• **PROMPT**: Skip the images and return the records below exactly.

(Data items)
--- --- ---

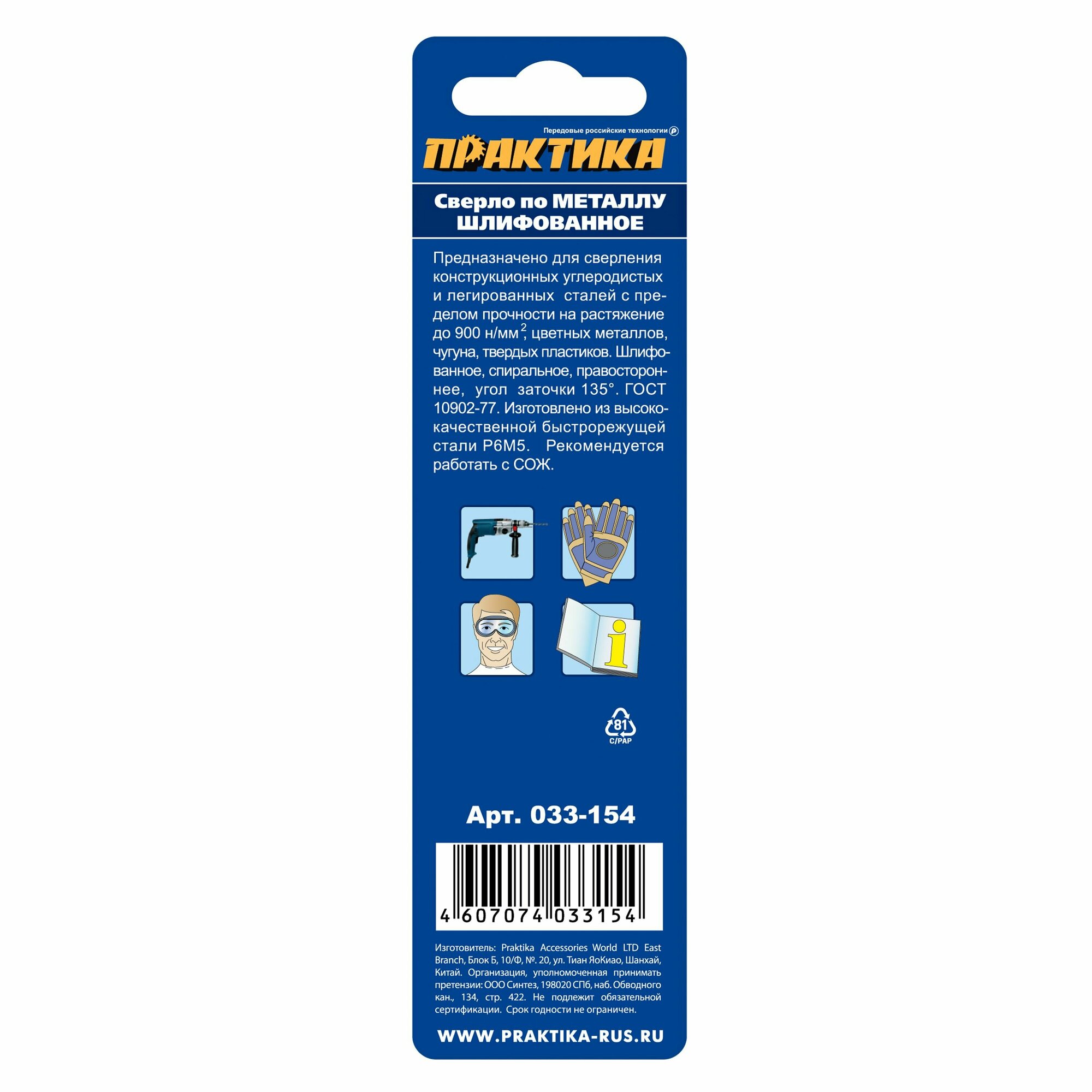 Серия "Профи". ГОСТ 10902-77 (DIN338). Для быстрой производительной работы по большинству строительных сталей. Полностью шлифованное. Угол заточки острия 118°. Подходит для обработки металлов с пределом прочности на растяжение до 900 Н/кв.мм. Рекомендуется применять охлаждение эмульсией. В индивидуальной блистерной упаковке.
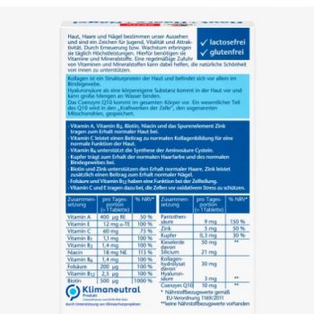 Viên uống đẹp da, tóc, móng Doppelherz aktỉv Haut + Haare + Năgel có chứa 100 mg chiết xuất từ quà lưu, 50 mg Silica và 3mg acid hyaluronic và nhiều vi chất dinh dưỡng cần thiết (kẽm, vitamin A, C, E, B, Biotin, đồng, Silica, axit folic, magie…) làm đẹp da, tóc, mỏng và hỗ trợ nhiều chức năng khác trong cơ thể.
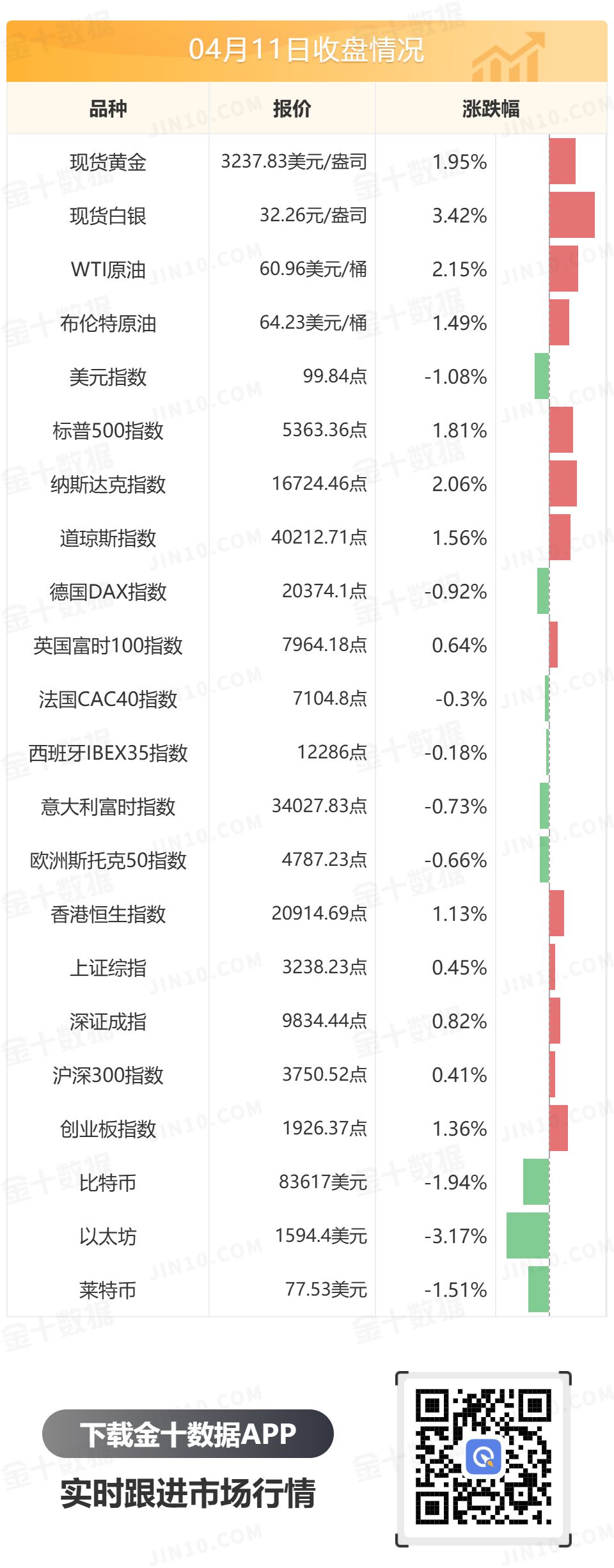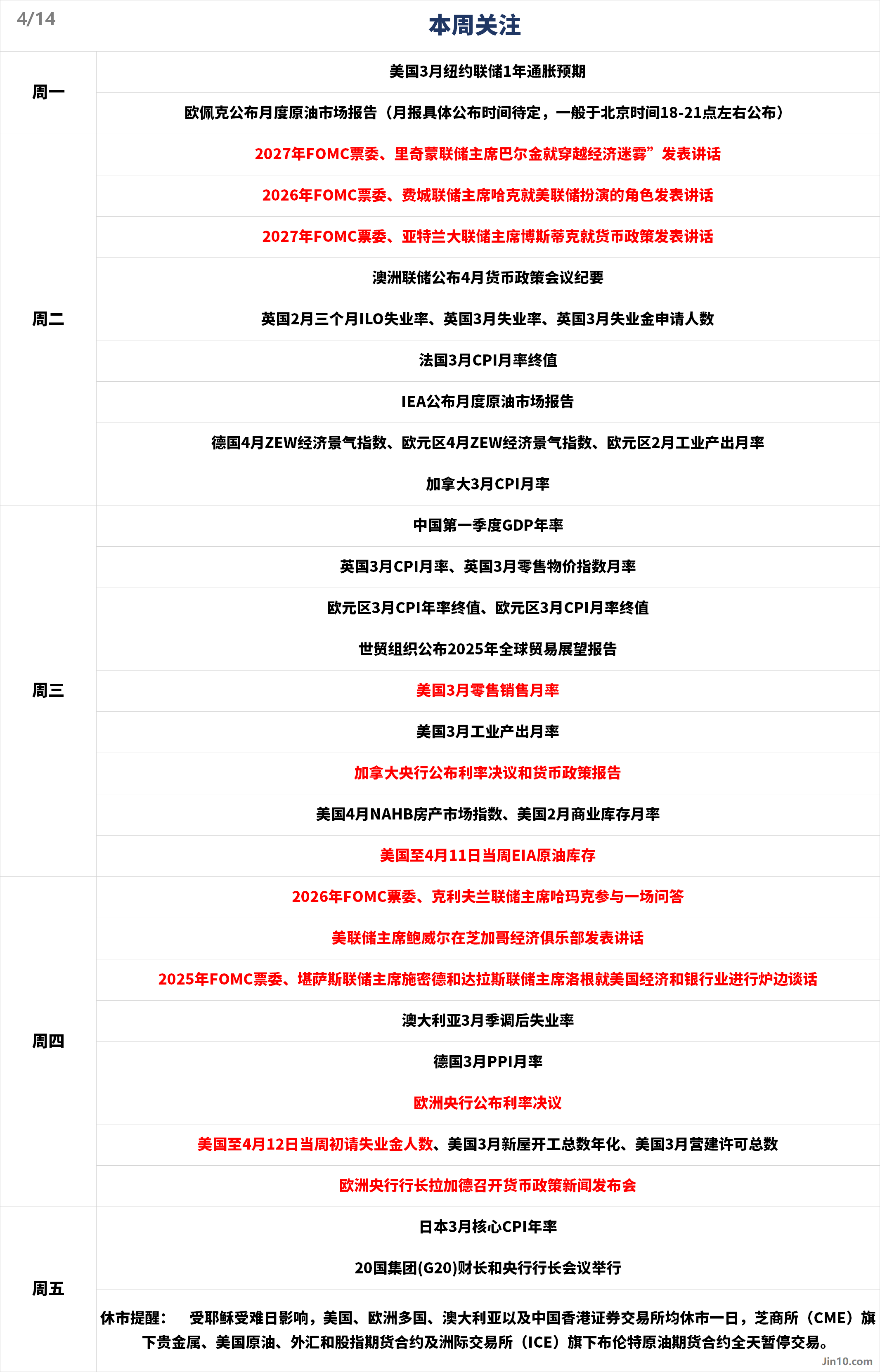 2、特朗普:将于周一提供半导体关税的更多信息。上周五并没有宣布任何“关税豁免”,它们只是被归入了不同的关税“类别”。正在关注半导体和整个电子供应;美元贬值并不重要,美元将会上涨,并且会比以往更强劲;许多人认为债券市场促使我做出暂停关税的决定,但事实并非如此。
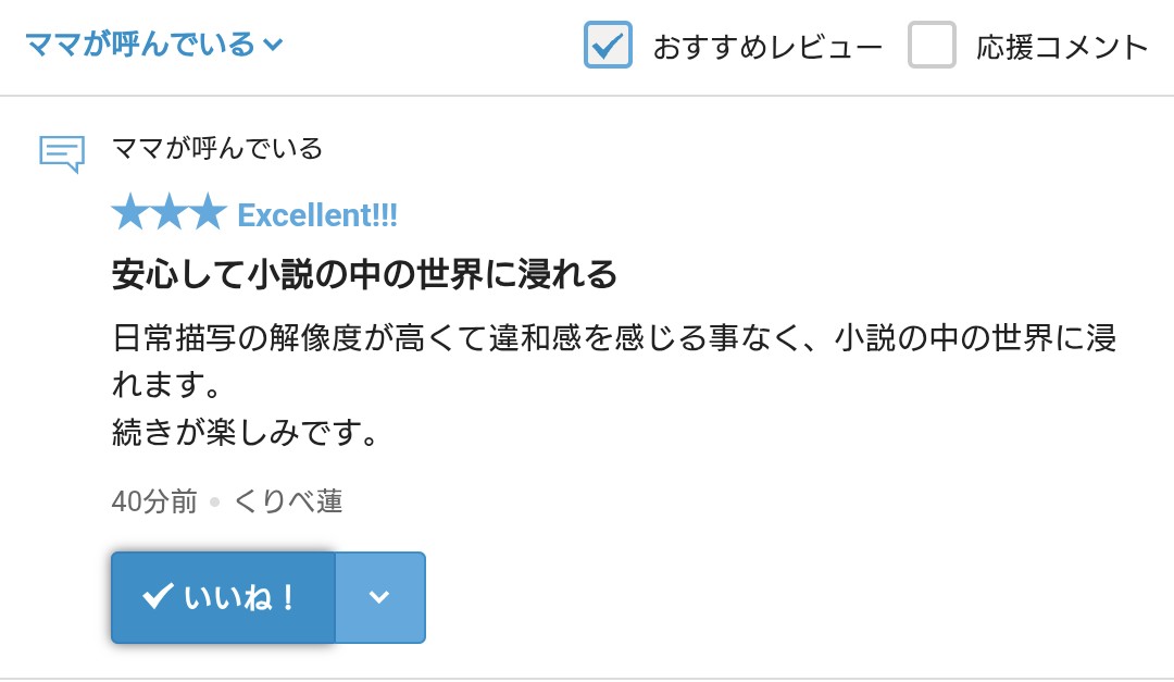 さて、拙作「ママが呼んでいる」に☆・レビューをいただきましたので、お礼の報告をさせていただきます。
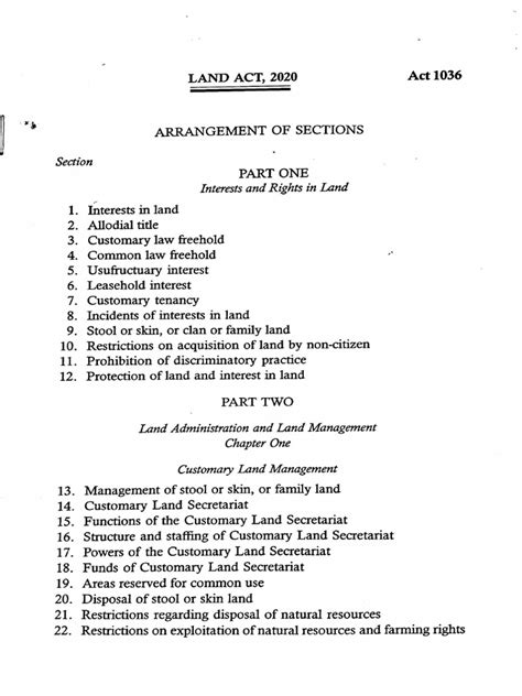 • Land Ownership: This part clarifies who can own land (citizens, companies, etc.) and the types of ownership (freehold, leasehold, etc.). It’s all about defining who has the right to own and use land, and under what conditions. The Land Act 2020 typically outlines the various types of land tenure, such as freehold, leasehold, and customary tenure. Freehold tenure grants the owner the most extensive rights over the land, allowing them to use, sell, or transfer it as they see fit, subject to certain regulations. Leasehold tenure, on the other hand, grants the lessee the right to use the land for a specified period, after which the land reverts to the lessor. Customary tenure is based on traditional laws and customs and is often associated with indigenous communities. The Act also specifies the eligibility criteria for land ownership, which may vary depending on whether the owner is an individual, a corporation, or a foreign entity. For instance, there may be restrictions on foreign ownership of certain types of land, such as agricultural land or land near strategic locations. The Act also addresses issues related to land registration, which is the process of recording land ownership in a public registry. Registration provides legal certainty and protects the rights of landowners. The Land Act 2020 typically establishes a system for land registration, outlining the procedures for registering land, the documents required, and the fees involved. It also addresses issues related to land surveying and mapping, which are essential for accurately identifying and delineating land parcels. The Act also includes provisions for resolving disputes related to land ownership, such as boundary disputes or conflicting claims of ownership. These provisions may involve mediation, arbitration, or litigation, depending on the nature of the dispute and the preferences of the parties involved. Overall, the provisions on land ownership in the Land Act 2020 are designed to provide clarity, security, and fairness in land transactions and land administration. They aim to balance the rights of landowners with the public interest, ensuring that land is used in a sustainable and equitable manner. Understanding these provisions is crucial for anyone involved in land transactions, development, or conservation.
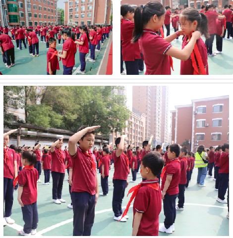 五年级老队员为一年级新队员佩戴红领巾。
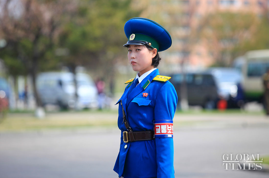 A North Korean policewoman stands guard in front of the East Pyongyang Grand Theatre on April 16. Photo: Li Hao/GT figcaption >

--- --- ---

• **ANSWER FOR THE TASK**:
 Серия "Профи". ГОСТ 10902-77 (DIN338). Для быстрой производительной работы по большинству строительных сталей. Полностью шлифованное. Угол заточки острия 118°. Подходит для обработки металлов с пределом прочности на растяжение до 900 Н/кв.мм. Рекомендуется применять охлаждение эмульсией. В индивидуальной блистерной упаковке.
 Viên uống đẹp da, tóc, móng Doppelherz aktỉv Haut + Haare + Năgel có chứa 100 mg chiết xuất từ quà lưu, 50 mg Silica và 3mg acid hyaluronic và nhiều vi chất dinh dưỡng cần thiết (kẽm, vitamin A, C, E, B, Biotin, đồng, Silica, axit folic, magie…) làm đẹp da, tóc, mỏng và hỗ trợ nhiều chức năng khác trong cơ thể.
 2、特朗普:将于周一提供半导体关税的更多信息。上周五并没有宣布任何“关税豁免”,它们只是被归入了不同的关税“类别”。正在关注半导体和整个电子供应;美元贬值并不重要,美元将会上涨,并且会比以往更强劲;许多人认为债券市场促使我做出暂停关税的决定,但事实并非如此。
 さて、拙作「ママが呼んでいる」に☆・レビューをいただきましたので、お礼の報告をさせていただきます。
 • Land Ownership: This part clarifies who can own land (citizens, companies, etc.) and the types of ownership (freehold, leasehold, etc.). It’s all about defining who has the right to own and use land, and under what conditions. The Land Act 2020 typically outlines the various types of land tenure, such as freehold, leasehold, and customary tenure. Freehold tenure grants the owner the most extensive rights over the land, allowing them to use, sell, or transfer it as they see fit, subject to certain regulations. Leasehold tenure, on the other hand, grants the lessee the right to use the land for a specified period, after which the land reverts to the lessor. Customary tenure is based on traditional laws and customs and is often associated with indigenous communities. The Act also specifies the eligibility criteria for land ownership, which may vary depending on whether the owner is an individual, a corporation, or a foreign entity. For instance, there may be restrictions on foreign ownership of certain types of land, such as agricultural land or land near strategic locations. The Act also addresses issues related to land registration, which is the process of recording land ownership in a public registry. Registration provides legal certainty and protects the rights of landowners. The Land Act 2020 typically establishes a system for land registration, outlining the procedures for registering land, the documents required, and the fees involved. It also addresses issues related to land surveying and mapping, which are essential for accurately identifying and delineating land parcels. The Act also includes provisions for resolving disputes related to land ownership, such as boundary disputes or conflicting claims of ownership. These provisions may involve mediation, arbitration, or litigation, depending on the nature of the dispute and the preferences of the parties involved. Overall, the provisions on land ownership in the Land Act 2020 are designed to provide clarity, security, and fairness in land transactions and land administration. They aim to balance the rights of landowners with the public interest, ensuring that land is used in a sustainable and equitable manner. Understanding these provisions is crucial for anyone involved in land transactions, development, or conservation.
 五年级老队员为一年级新队员佩戴红领巾。
 A North Korean policewoman stands guard in front of the East Pyongyang Grand Theatre on April 16. Photo: Li Hao/GT figcaption >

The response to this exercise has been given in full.